I laughed. What difference does it make?

Last week, a Yoga Journal article about change serendipitously appeared in my inbox. (As an aside, sometimes these articles are so scarily applicable to whatever is going on in my life that I'm sure the editors are spying on me.) The article talks about "accepting [one's] utter lack of control," and as I read that, and learn more about Buddhism, I struggle with the concept of "utter lack of control." The article continues: "If you stop grasping for control of the uncontrollable, you can learn to breathe through it all." But what's uncontrollable? Where do my choices come into play?

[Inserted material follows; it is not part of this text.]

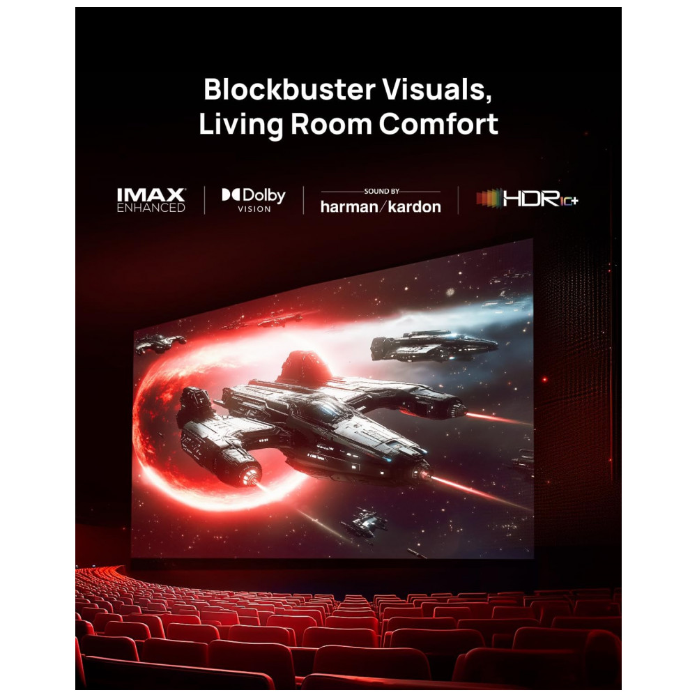 O sistema de áudio utiliza alto‑falantes Harman Kardon integrados, dimensionados para salas de pequeno e médio porte, com suporte a formatos de som imersivo compatíveis com a plataforma Google TV. A construção foi pensada para uso contínuo em ambientes internos, com design para uso aparente em salas de cinema em casa, salas de TV e espaços de jogos.

I suddenly realize that I've been confusing choice with control. Choices are important. Even more important is recognizing what choices to make, and when to make them. Again, this is easier said than done, and I come back to that non-judgmental self-awareness as a means to identify and act on the right choices. Meditation can lead to acceptance and surrender, and in turn to clarity in making choices. It's not about passivity or inaction, but about recognizing that sometimes (often!) our plans, choices, and actions aren't going to yield exactly the results we'd envisioned, and rolling with it anyway. (That same wonderful yoga teacher also told us that, "planning is priceless; plans are useless.") As I write this entry, I am reminded of the Serenity Prayer:
God grant me the serenity to accept the things I cannot change,
the courage to change the things I can,
and the wisdom to know the difference.
As for the personality test, I scored 50/100 for Agency, which, at this point in my life, seems about right.